This is an entry in my loose series of posts about build systems.
I’ve been thinking recently about why I’ve come to think that build systems are so important, and this post is mostly just me thinking aloud about this issue and related questions.
Making Builds Efficient
Writing a build systems for a project is often relatively trivial, once you capture the process, and figure out the base dependencies, you can write scripts and make files to automate this process. The problem is that the most rudimentary build systems aren’t terribly efficient, for two main reasons:
1. It’s difficult to stumble into a build process that is easy to parallelize, so these rudimentary solutions often depend on a series of step happening in a specific order.
2. It’s easier to write a build system that rebuilds too much rather than too little for subsequent builds. From the perspective of build tool designers, this is the correct behavior; but it means that it takes more work to ensure that you only rebuild what you need to.

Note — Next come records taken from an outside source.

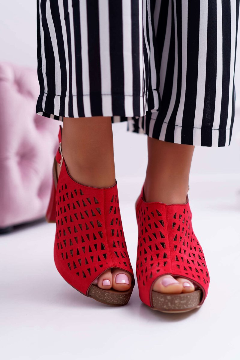 Sandały Damskie Na Słupku Sergio Leone SK850 Czerwone Farmona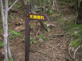 | この道標から天狗別れは近く、ここを左に進めば天狗分かれを通らずに高塚山に行ける。 |
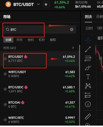 5、在搜索框输入BTC,选择BTC/USDT交易对,可以看到BTC实时行情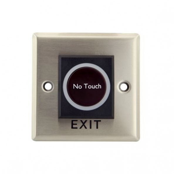 Кнопка виходу безконтактна, врізна, NO / NC / COM, нержавіюча сталь, діодний підсвічування кнопки виходу, DC 12V, напруга і струм комутації 12-28V / 3A. 86x86x29mm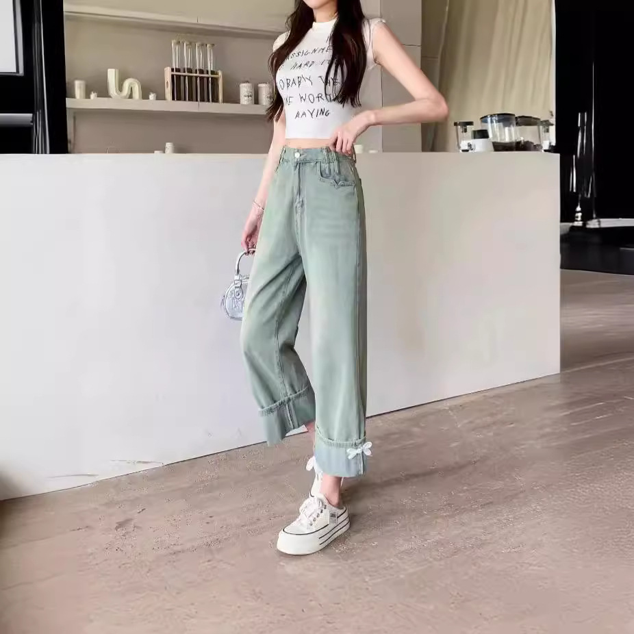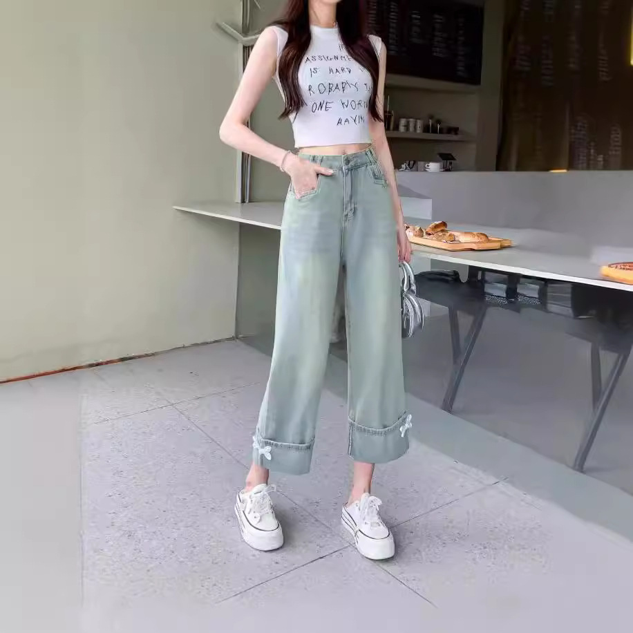 | nameOriginal | American Style Small Wide Leg Jeans Women's Summer Thin High Waist 2024 Light Color 89 Loose Straight Pants |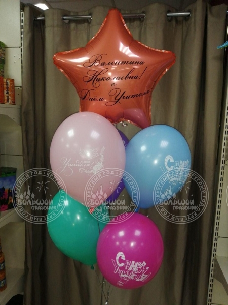 Фонтан из 6 шаров. 1 шт. звезда фольга 1 шт. наклейка на звезду5 шт. шар с рисунком 1 шт. грузик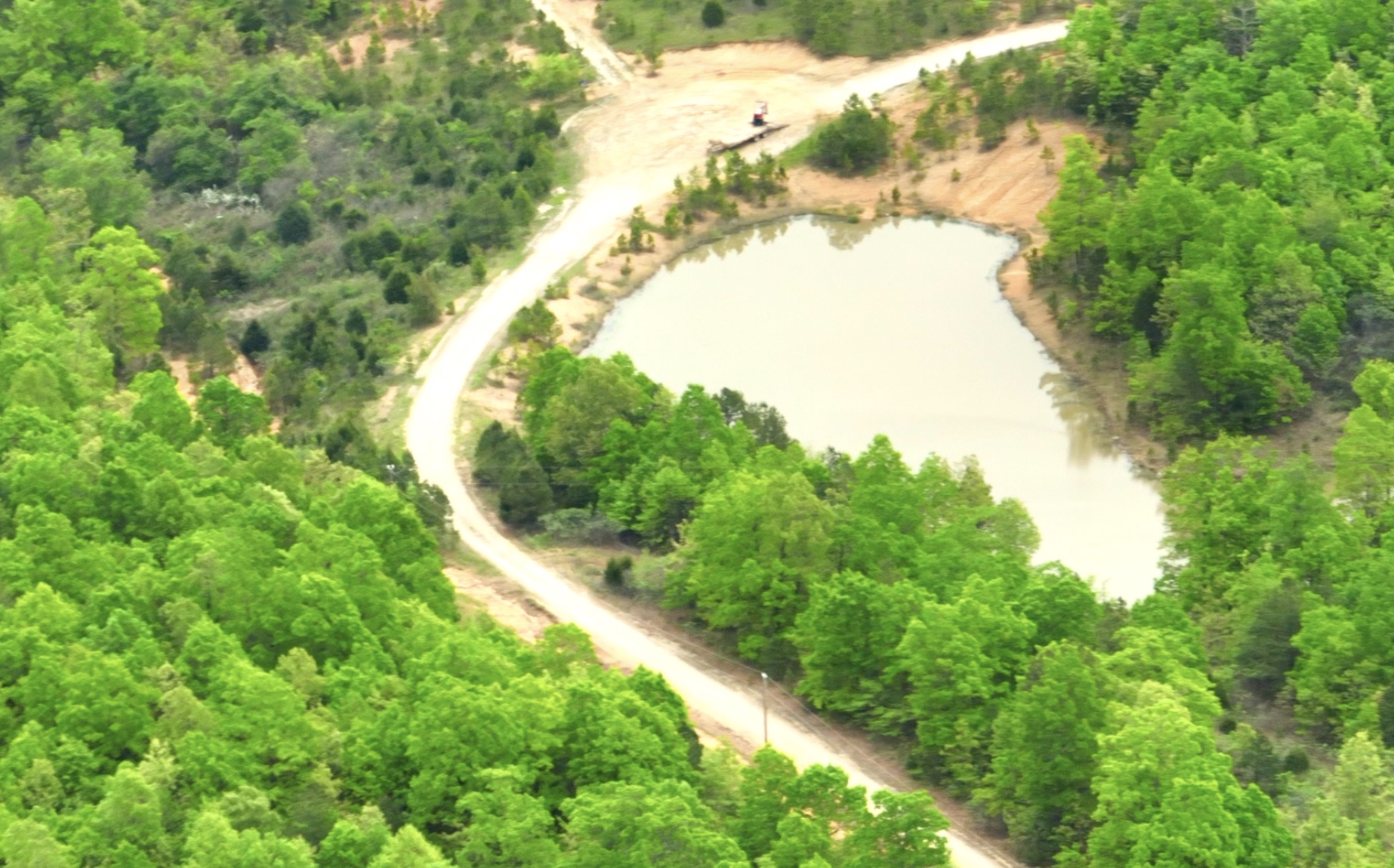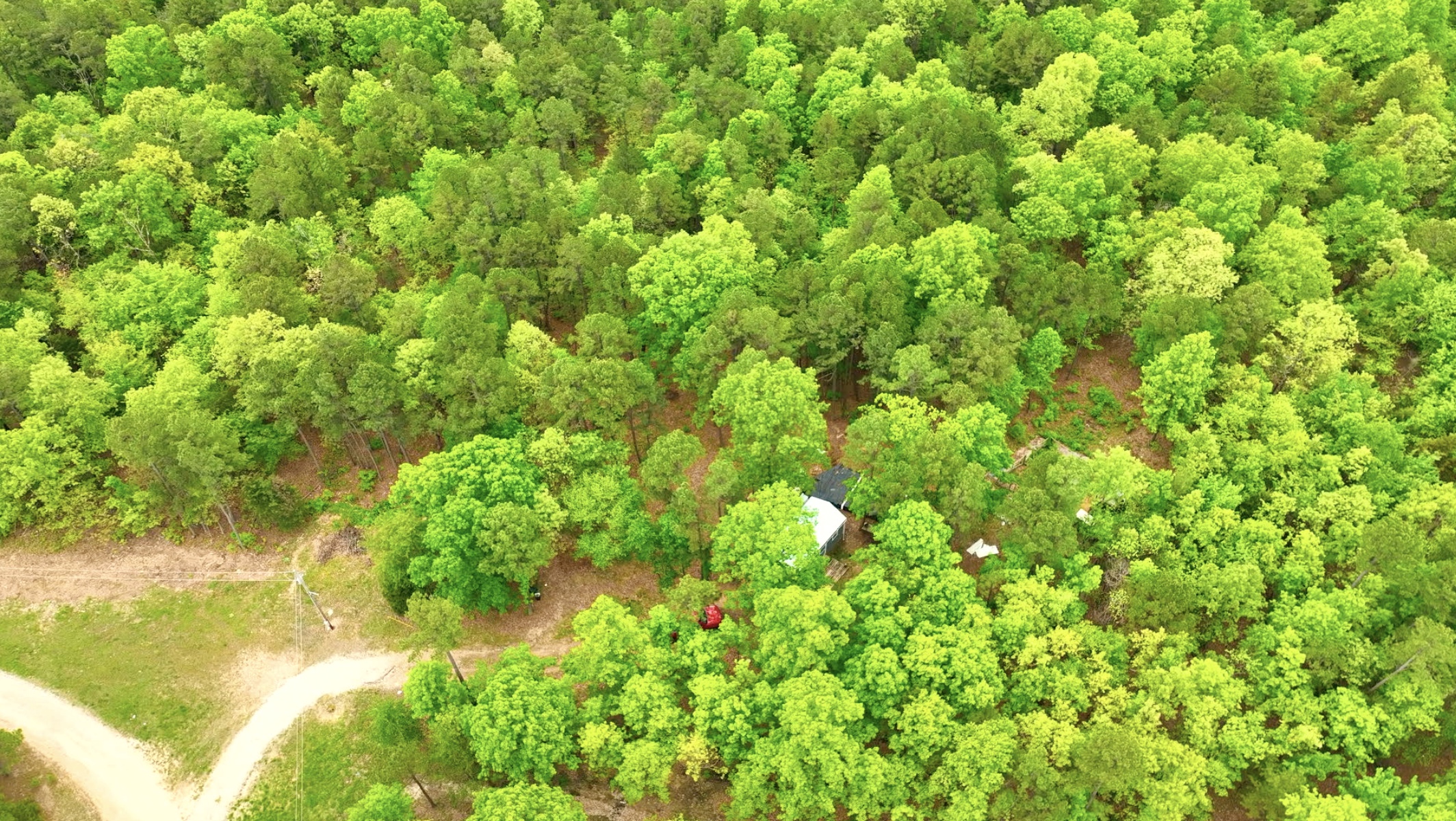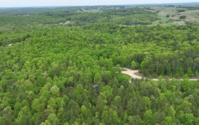 The aerial photo above gives you a “bird’s eye view” of this heavily wooded acreage. In the photo the drone is over about the middle of the property and we are facing north. The roof of the cabin is just barely visible through the large trees. In the photo you can see a small bit of Sargent Road (which is mostly hidden by trees) and you can see the Easement Road which comes off of Sargent Road and goes east (right) down to the pond.
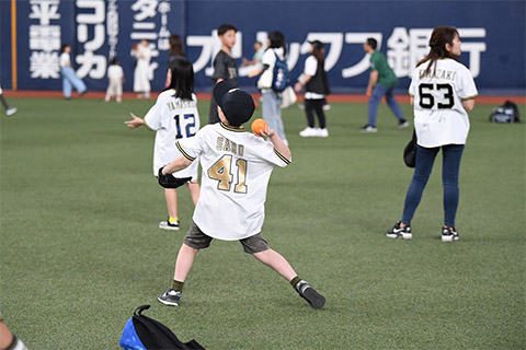 ※記載内容は予定であり予告なく急遽変更する場合がございます。 ※当選された方はキャンセルできません。 ※当選権利を第三者に譲渡することはできません。 ※当選権利を他人に譲渡・転売することは固くお断りいたします。 ※当イベントに参加するための旅費・交通費などは当選された方のご負担になります。 ※当日の試合観戦チケットは各自ご準備ください。(球団にてご用意はありません) ※未就学児のお子様で膝上観戦を予定されている方は、保護者様の当日の試合観戦チケットを確認させていただきます。 ※中止となった場合の振替開催・代替イベントはありません。何卒ご容赦ください。 ※当日球団SNSや他メディアにて当イベントの様子が掲載・放送される場合がございます。予めご了承の上、ご参加ください。 ※運動できる服や靴でご参加ください。 ※グラウンドイベントとなりますので、アクセサリーやヘアピンなどは外していただきますようお願いいたします。また、ヒールやかかとの高い靴ではご入場いただけません。 ※グラウンド内では飲食禁止です。 ※途中退場される場合はお近くのスタッフへお声がけください。 ※周りの方にぶつからないよう十分お気を付けください。 ※本イベントで負傷した場合、応急処置はいたしますが、主催者・球場管理者に帰責事由がある場合を除き、その後の責任は負いません。なお、怪我をされた場合はお近くの係員にお申し出ください。 ※イベント見学をご希望の場合は下段内野スタンドの空席からご覧いただけます。なお、下段外野指定席および上段席は試合終了後閉鎖いたしますので、該当席種でご観戦の場合はご移動をお願いいたします。 |
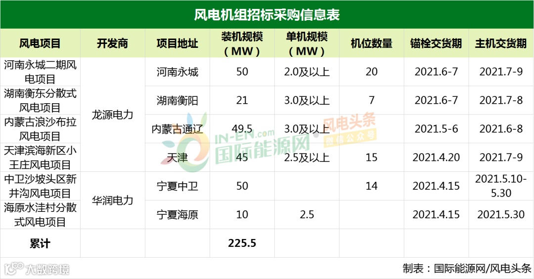 近日,龙源电力、华润电力陆续发布6个风电机组招标采购公告,项目累计装机为225.5MW。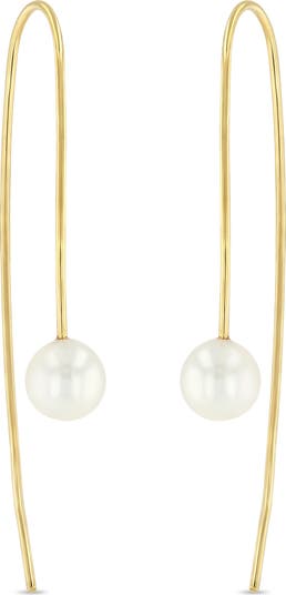 A thread-through design gives a sleek silhouette to 14-karat-gold earrings that are anchored with freshwater pearls.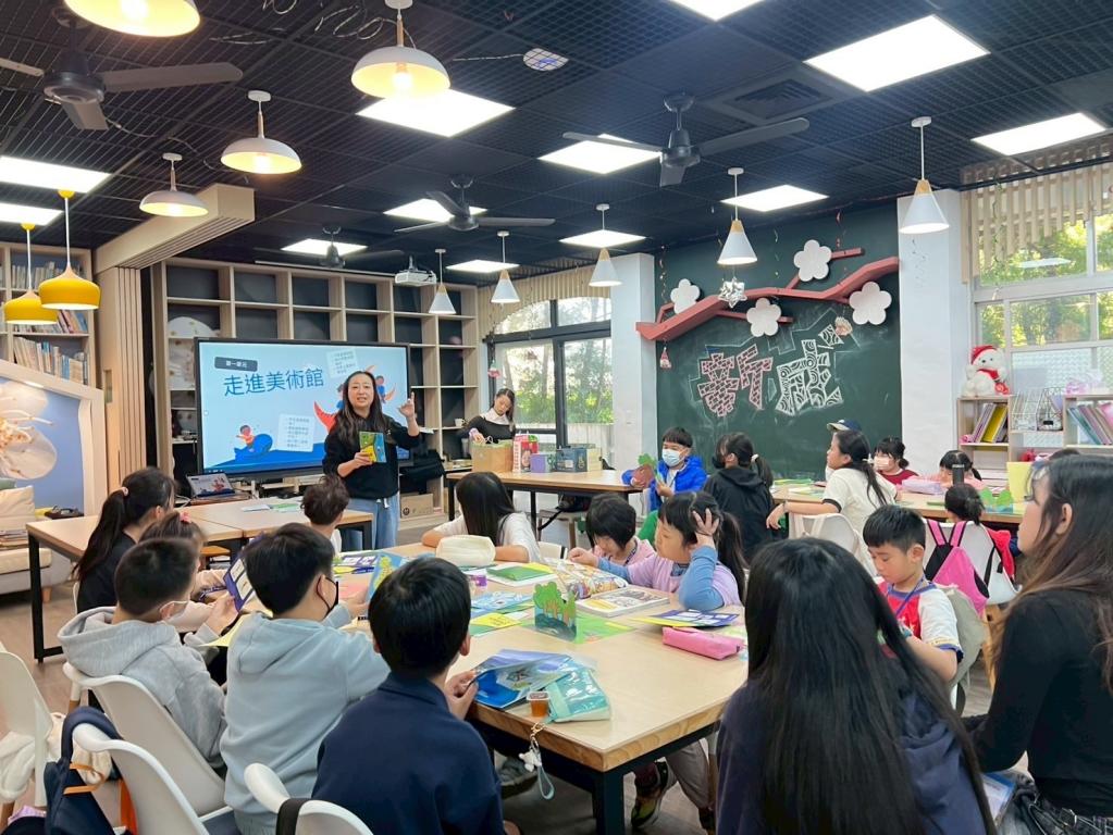 圖說:富邦美術館副館長林羽婕帶領孩子透過ai進行藝術探索。(中市府數位發展局提供)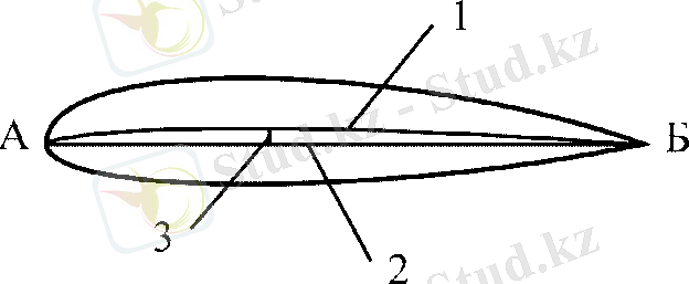 Рисунок 1. 7. Геометрические параметры профиля крыла: 1 - средняя линия; 2 - хорда; 3 - кривизна абсолютная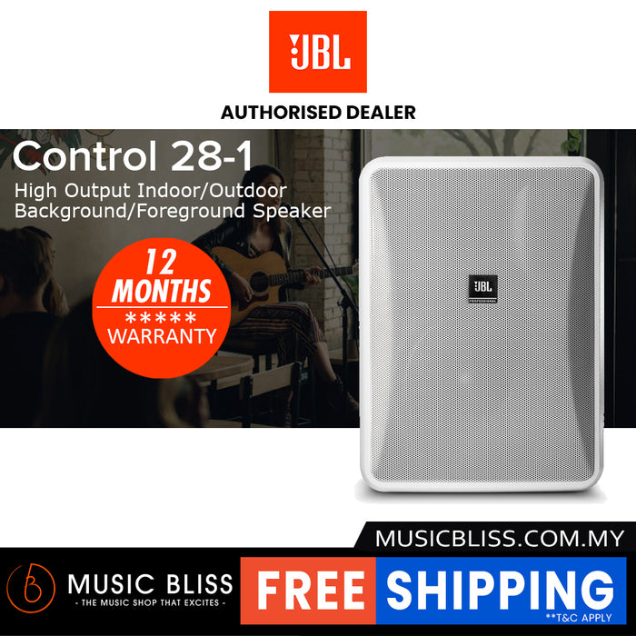 Experience rich sonic character, wide coverage, and broad frequency response with the JBL Control 28-1 high-output speaker. Ideal for retail stores, restaurants, health clubs, theme parks, educational facilities, hospitality, music cafes, leisure venues, and more, the Control 28-1 is a piece of cake to mount, and its contemporary design looks great anywhere. At Music Bliss, we appreciate the versatility of the Control 28-1's built-in InvisiBall mounting hardware. Indoors or out, the weather-resistant JBL Control 28-1 high-output speaker achieves excellent sound quality wherever foreground/background music and/or paging is required.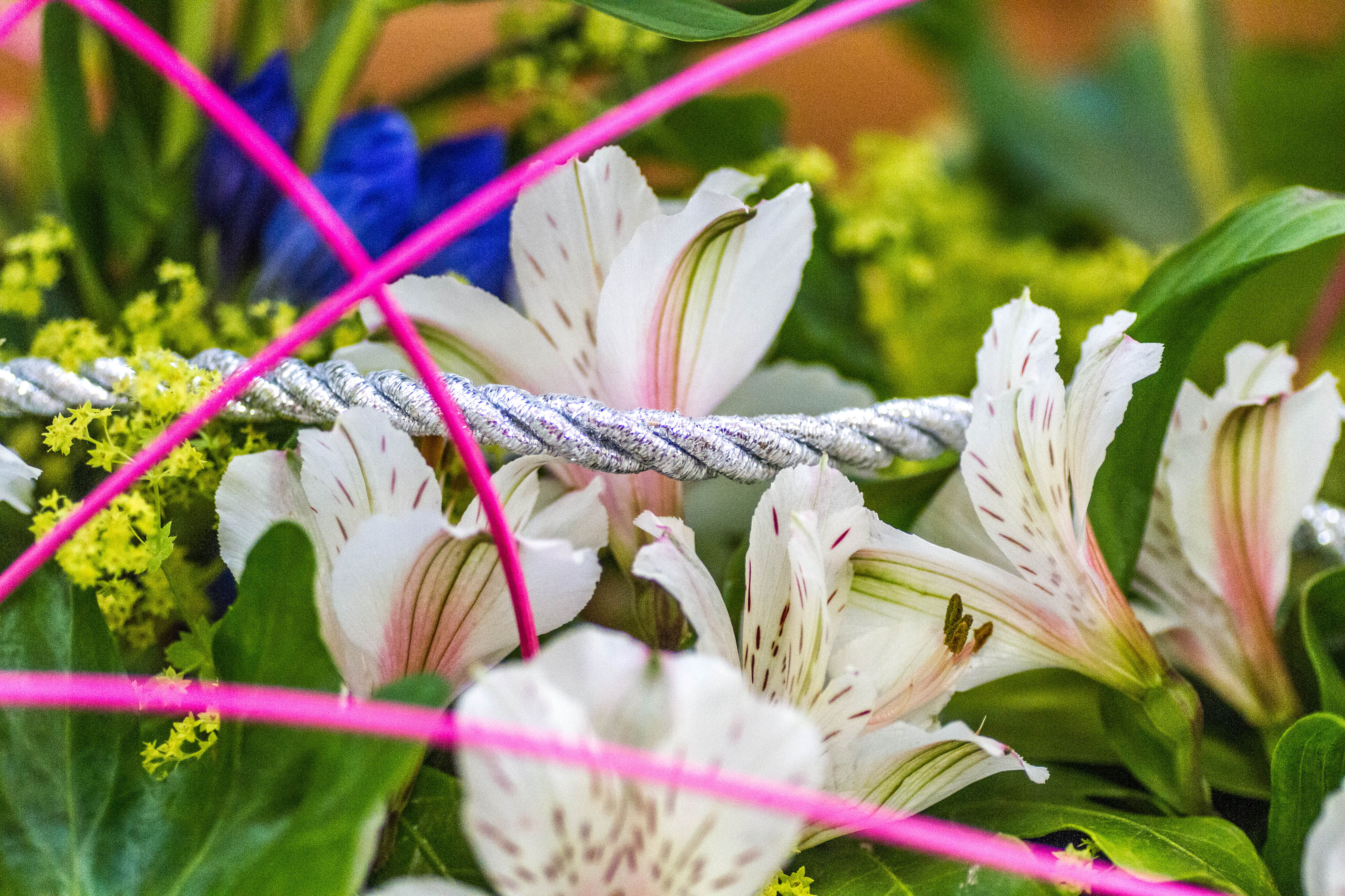 I spent a busy hour or so taking pictures of the wonderful floral displays on view at Peterhead New Parish Church’s Flower Festival during Peterhead Scottish Week this year. All the displays were inspired by the titles of hymns, and the creators had taken very different approaches to their work, from the cakes, sweets and chocolate (Yield not to Temptation) to a trumpet, old Salvation Army Bonnet and Bible (Onward Christian Soldiers).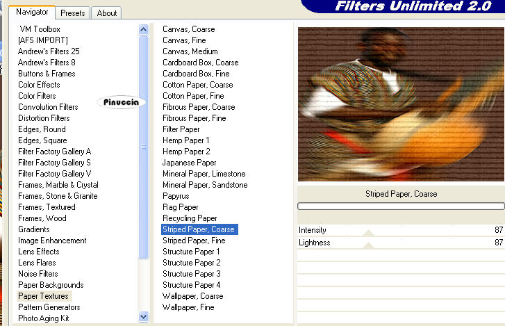 Effetti>Plugins>Filters Unlimited 2.0 - Paper Textures - Striped Paper Coarse: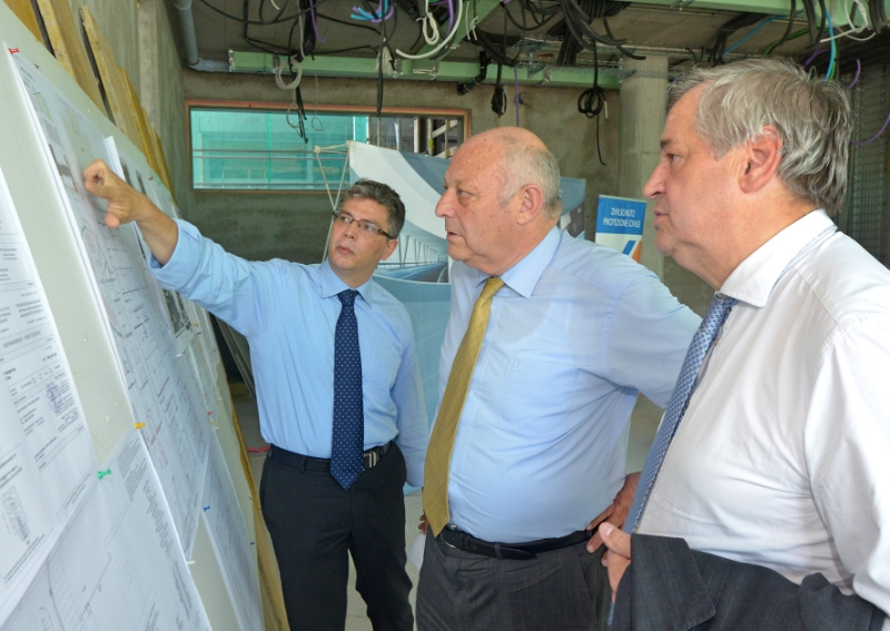 LPA - In einem Jahr wird das hydrographische Amt in den Sitz des Landeszivilschutzes an der Drususallee in Bozen ziehen, dort wird auch ein Landeswarnzentrum mit Rechenzentrum errichtet. Heute (20. Juni) haben Landeshauptmann Durnwalder und Bautenlandesrat Mussner die Baustelle besichtigt.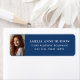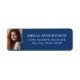 Elegant White Script Photo Blue Return Address Label that is fully customizable, with your photo, name, and return address. Perfect for adding to your graduation announcements, graduation party invitations, graduation thank you cards and more.
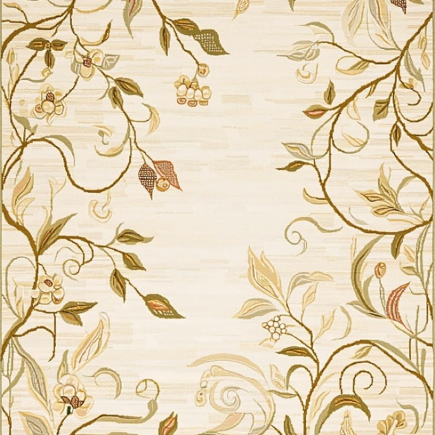 Artistic Floral Area Non Skid Backing Easy Clean Durable Low Pile(Beige)

As a corollary, you need to test build systems and approaches with significantly large systems, where “rebuilding too much,” can be detectable.
Making a build system efficient isn’t too hard, but it does require some amount of testing and experimentation, and often it centers on having explicit dependencies, so that the build tool (i.e. Make, SCons, Ninja, etc.) can build output files in the correct order and only build when a dependency changes.1
The Benefits of a Fast Build
-
Fast builds increase overall personal productivity.
You don’t have to wait for a build to complete, and you’re not tempted to context switch during the build, so you stay focused on your work.
-
Fast builds increase quality.
If your build system (and to a similar extent, your test system,) run efficiently, it’s possible to detect errors earlier in the development process, which will prevent errors and defects. A tighter feedback loop on the code you write is helpful.
-
Fast builds democratize the development process.
If builds are easy to run, and require minimal cajoling and intervention, it becomes much more likely that many people
This is obviously most prevalent in open source communities and projects, this is probably true of all development teams.
-
Fast builds promote freshness.
If the build process is frustrating, then anyone who might run the build will avoid it and run the build less frequently, and on the whole the development effort looses important feedback and data.
Continuous integration systems help with this, but they require significant resources, are clumsy solutions, and above all, CI attempts to solve a slightly different problem.
Optimizing Builds
Steps you can take to optimizing builds:
(Note: I’m by no means an expert in this, so feel free to add or edit these suggestions.)
- A large number of smaller jobs that can complete independently of other tools, are easy to run in parallel. If the jobs that create a product take longer and are more difficult to split into components, then the build will be slower, particularly on more powerful hardware.
- Incremental builds are a huge win, particularly for larger processes. Most of the reasons why you want “fast builds,” only require fast rebuilds and partial builds, not necessarily the full “clean builds.” While fast initial builds are not unimportant, they account for a small percentage of use.
- Manage complexity.
There are a lot of things you can do to make builds smarter, which should theoretically make builds faster.
Examples of this kind of complexity include storing dependency information in a database, or using hashing rather than “mtime” to detect staleness, or integrating the build automation with other parts of the development tool chain, or using a more limited method to specify build processes.
The problem, or the potential problem is that you lose simplicity, and it’s possible that something in this “smarter and more complex” system can break or slow down under certain pressures, or can have enough overhead to render them unproductive optimizations.
-
It’s too easy to use wild-cards so that the system must rebuild a given output if any of a number of input files change. Some of this is unavoidable, and generally there are more input files than output files, but particularly with builds that have intermediate stages, or more complex relationships between files it’s important to attend to these files. ↩︎